Witnessing the success of Barrio Barista Coffeehouse, Gilbert Sr. was asked why he didn’t create the coffeehouse in gentrified South Town. He told me that it was “always his intention to open it in the Westside in order to create a place for the community to go to that would help enrich and revitalize the community. My purpose in life is to serve others and to be my brother’s keeper. Everyone should have purpose in life and mine is business and in ministry,” De Hoyos tells me. This is otherwise known as “BAM” (business and ministry), which is not affiliated to organized religion and only promotes helping your neighbors. As such, he is a “advocate of the coffee community association, which exists on national and local levels.
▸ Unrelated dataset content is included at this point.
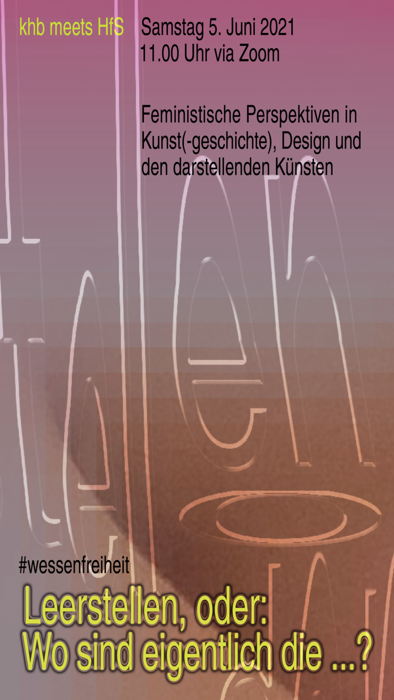 Unter diesem Motto findet der diesjährige Aktionstag #wessenfreiheit der Berliner Kunsthochschulen am 5. Juni 2021 ab 11 Ur via Zoom statt. Der Fokus liegt auf den unterschiedlichen feministischen Perspektiven in Kunst(-geschichte), Design und den darstellenden Künsten.

I see this generosity of spirit in action at the Westside Development Corporation “Westside Business Alliance” initiative kick-off meeting, when I caught Gilbert Sr. offering to guide a young entrepreneur interested in opening a coffeehouse like his that would serve as a genuine place for the community to gather. In fact, he urges “anyone looking to start a coffee business to contact him,” for guidance and comradery. In the future, Gilbert Sr. would like to expand Barrio Barista Coffeehouse to sell cold press juices, herbal remedies and provide franchise opportunities to the community he serves.